-- What to work on --
Beneath this task are records; print exactly the stretch of them from the line with "華々しい経歴をもつ小早川先生" through the line with "Sua modelagem clean, sem", both ends included.

-- Records --
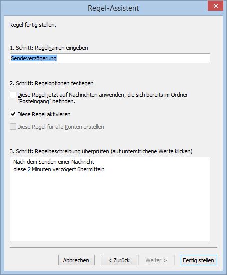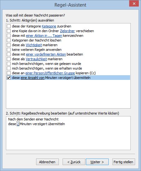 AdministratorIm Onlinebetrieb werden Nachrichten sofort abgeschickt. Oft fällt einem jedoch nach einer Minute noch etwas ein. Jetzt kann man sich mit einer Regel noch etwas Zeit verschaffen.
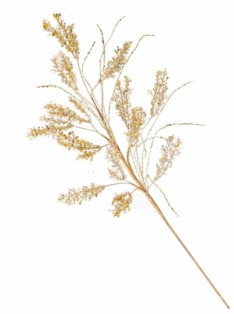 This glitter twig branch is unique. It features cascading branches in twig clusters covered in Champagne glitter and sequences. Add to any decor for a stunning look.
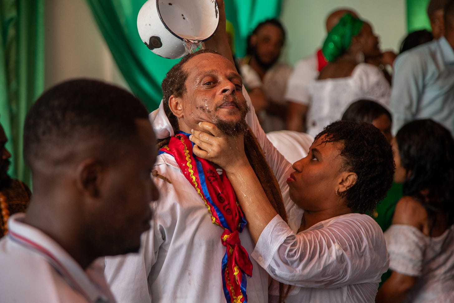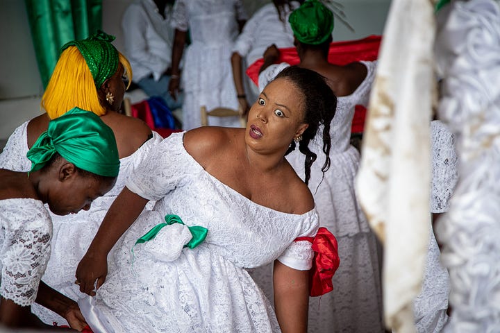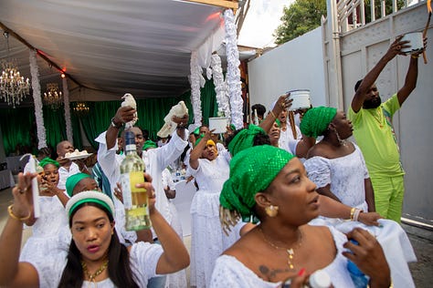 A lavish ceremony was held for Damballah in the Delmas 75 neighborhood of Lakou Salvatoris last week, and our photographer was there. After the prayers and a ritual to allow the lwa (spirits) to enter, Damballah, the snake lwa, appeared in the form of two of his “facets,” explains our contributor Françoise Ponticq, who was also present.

--

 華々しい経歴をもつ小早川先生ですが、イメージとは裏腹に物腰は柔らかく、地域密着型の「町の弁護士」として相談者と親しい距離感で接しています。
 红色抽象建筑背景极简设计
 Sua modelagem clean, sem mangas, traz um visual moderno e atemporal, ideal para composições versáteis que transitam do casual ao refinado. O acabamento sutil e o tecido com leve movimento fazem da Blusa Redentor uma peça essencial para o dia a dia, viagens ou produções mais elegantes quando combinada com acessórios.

-- Result of this exercise --
 華々しい経歴をもつ小早川先生ですが、イメージとは裏腹に物腰は柔らかく、地域密着型の「町の弁護士」として相談者と親しい距離感で接しています。
 红色抽象建筑背景极简设计
 Sua modelagem clean, sem mangas, traz um visual moderno e atemporal, ideal para composições versáteis que transitam do casual ao refinado. O acabamento sutil e o tecido com leve movimento fazem da Blusa Redentor uma peça essencial para o dia a dia, viagens ou produções mais elegantes quando combinada com acessórios.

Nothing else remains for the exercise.